## Task objective
Write out word for word the lines from the one holding "COMPLETE & BALANCED: Our" through the end of the data, and only those lines. Pictures stay out.

[Opening Exercise data section]

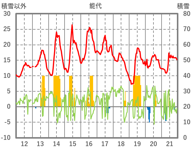 | 日 | 時 | 気温 | 降水 | 風向/風速 | 日照 | 積雪 | 降雪 |
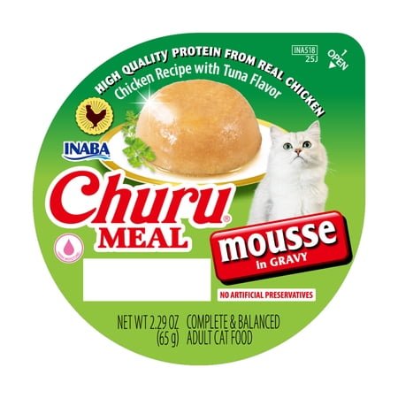 COMPLETE & BALANCED: Our Premium Quality Mousse is a 100% complete & balanced wet cat food for adult cats. From the makers of their favorite cat treats, INABA Churu, you can trust that your cat is getting all the nutrition they need TRUSTWORTHY INGREDIENTS: Churu Meal Mousse is made from real chicken, ground into a soft, smooth blend. Made without grains or preservatives, ensuring that your cat gets only the best, most natural nutrition HIGH IN MOISTURE: Cats get their hydration from their meals, so feeding them a moisture-rich wet cat food, like our Churu Meal Mousse (86%), is key. You can be confident that your cat is getting the hydration they need CONVENIENTLY PACKAGED: Our 2.29 oz no-spill cups are designed for your ease. Simply peel off the top and pour onto a plate/bowl or feed directly from the cup. It’s a simple and fast process, giving you more time to enjoy with your furry friend ADD SOME VARIETY TO THEIR BOWL: Available in six delicious recipes. Try out all of our flavors and find the recipe your cat will love
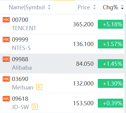 Tencent jumped 5.18 per cent to HK$365.2 while Alibaba Group gained 1.45 per cent to HK$84.05. Sunny Optical advanced 2.9 per cent to HK$94.80 while chip maker SMIC rose 2.5 per cent to HK$18.84. Sun Hung Kai Properties added 0.8 per cent to HK$107 and Henderson Land rose 0.6 per cent to HK$26.85, leading gains among Hong Kong developers.
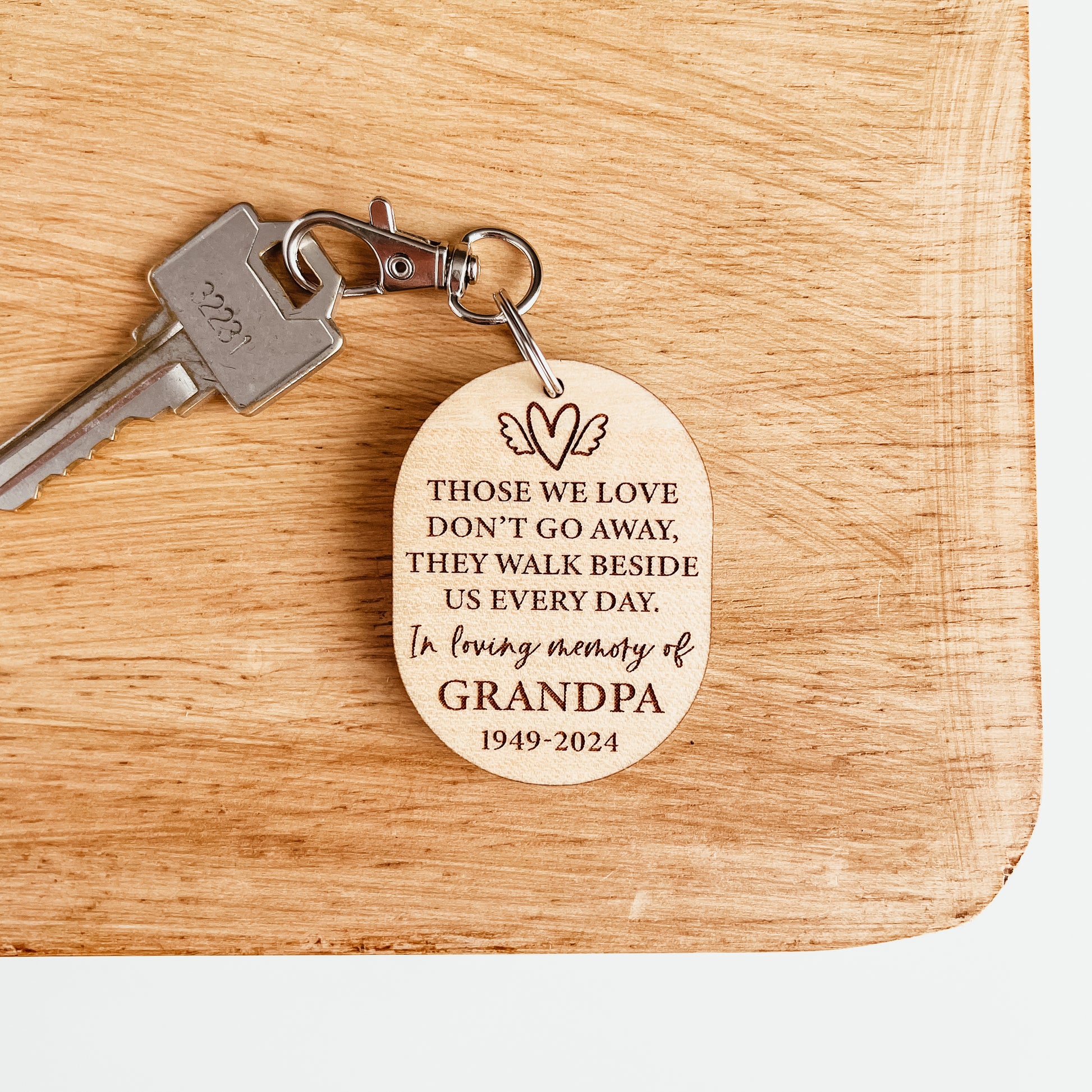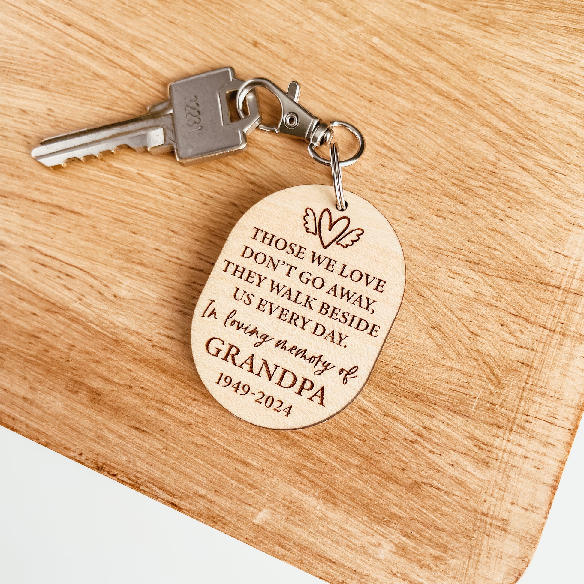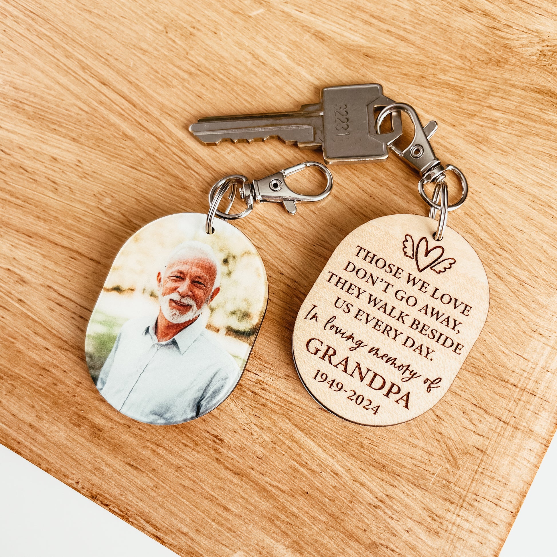 Carry a memory of your loved ones with you with this keychain from our collection of custom keyrings. These make a thoughtful gift for anyone mourning the loss of a loved one. Personalized with your photo on the front and your choice of name and dates on the back.

[Closing Exercise data section]

## Task response
 COMPLETE & BALANCED: Our Premium Quality Mousse is a 100% complete & balanced wet cat food for adult cats. From the makers of their favorite cat treats, INABA Churu, you can trust that your cat is getting all the nutrition they need TRUSTWORTHY INGREDIENTS: Churu Meal Mousse is made from real chicken, ground into a soft, smooth blend. Made without grains or preservatives, ensuring that your cat gets only the best, most natural nutrition HIGH IN MOISTURE: Cats get their hydration from their meals, so feeding them a moisture-rich wet cat food, like our Churu Meal Mousse (86%), is key. You can be confident that your cat is getting the hydration they need CONVENIENTLY PACKAGED: Our 2.29 oz no-spill cups are designed for your ease. Simply peel off the top and pour onto a plate/bowl or feed directly from the cup. It’s a simple and fast process, giving you more time to enjoy with your furry friend ADD SOME VARIETY TO THEIR BOWL: Available in six delicious recipes. Try out all of our flavors and find the recipe your cat will love
 Tencent jumped 5.18 per cent to HK$365.2 while Alibaba Group gained 1.45 per cent to HK$84.05. Sunny Optical advanced 2.9 per cent to HK$94.80 while chip maker SMIC rose 2.5 per cent to HK$18.84. Sun Hung Kai Properties added 0.8 per cent to HK$107 and Henderson Land rose 0.6 per cent to HK$26.85, leading gains among Hong Kong developers.
 Carry a memory of your loved ones with you with this keychain from our collection of custom keyrings. These make a thoughtful gift for anyone mourning the loss of a loved one. Personalized with your photo on the front and your choice of name and dates on the back.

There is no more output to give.